Big Data Uses in many fields such as healthcare, manufacturing, etc. as big data is used to refer to data sets that are too large or complex for traditional data-processing application software to adequately deal with. Data with many cases offer greater statistical power, while data with higher complexity may lead to a higher false discovery rate. Analyzing big data uses in the manufacturing industry can reduce processing flaws, improve product quality, increase efficiency, and save time and money. Product quality and defects tracking
Big Data Use Cases in Manufacturing
A big data uses provides a focus for analytics, providing parameters for the types of data that can be of value and determining how to model that data using Hadoop analytics.
Location Tracking it is now possible to track the condition of the good in transit and estimate the losses. It is now possible to gather real-time data about traffic and weather conditions and define routes for transportation. This will help logistic companies to mitigate risks in transport, improve speed and reliability in delivery.
Extracting process improvement A vertically integrated precious-metal manufacturer’s ore grade declined. The only logical way to avoid a loss was to improve metal extracting and refining processes. Using sensor data, the manufacturer’s big data solution identified what factors influenced output the most.
Supply Chain Management Big data provides manufacturers the ability to track the exact location of their products. This ability to track is one of the primary features that have been available for the manufacturers. Traceability is essential as often several products that have been released by manufacturers are lost and are difficult to trace.
Early-stage vehicle quality assurance BMW used big data to detect vulnerabilities in their new car prototypes. Data was collected from sensors on the tested prototypes and cars already in use. Due to big data analysis, BMW’s solution spotted weaknesses and error patterns in the prototypes and in cars already in use. It enabled engineers to remove uncovered vulnerabilities before the prototypes actually went into production and helped reduce recalls of cars already in use.
Machine Maintainance When an organization is manufacturing anything, it plans to maintain its machinery; starting from how the machine is currently operating to what upgrades are essential for them to keep running efficiently. Using sensors, information can continuously be collected from these machines.

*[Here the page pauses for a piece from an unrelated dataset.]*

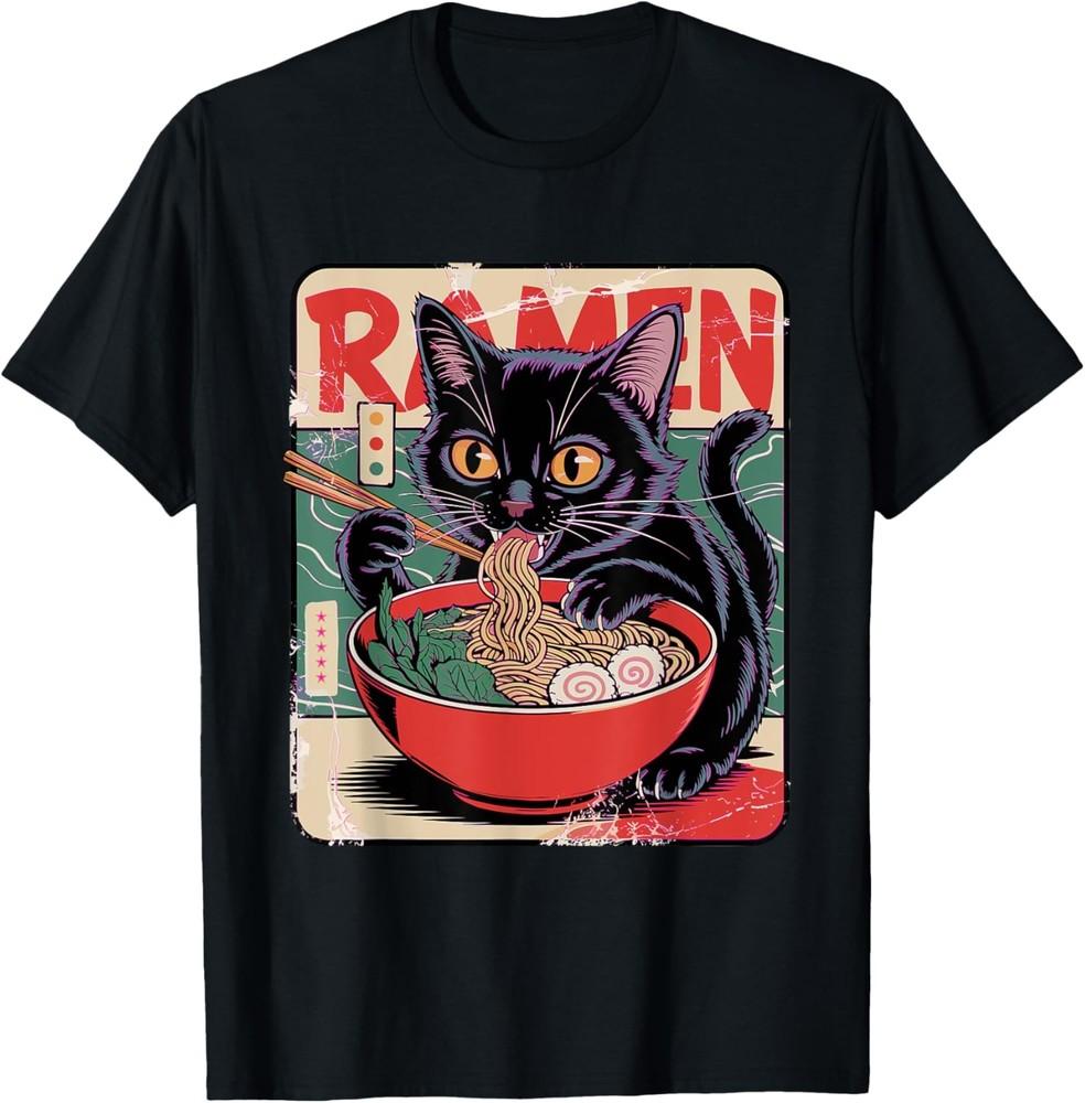 Cat Ramen Anime Design For Women Men Kids Adults Funny Cat T-Shirt Unisex T-Shirt

Daily Production For an organization to operate efficiently, they need to monitor their everyday activities and monitor how useful are their production capabilities and how their day-to-day business is performing financially. Big data analytics can assist manufacturing companies in doing so by providing them with intuitive insights from the information that is being collected from various sources.
Accessible raw materials To avoid costs connected with supply chain failures, one enterprise needed a better way to manage raw materials delivery. They decided to use their suppliers’ route details and weather data provided by a trustworthy external source to identify the probability of delivery delays.
Better Quality Assurance Using big data for predictive analytics Intel was able to significantly reduce the number of tests required for quality assurance. Starting at the wafer level, Intel analyzed data from the manufacturing process to cut down test time and focus on specific tests.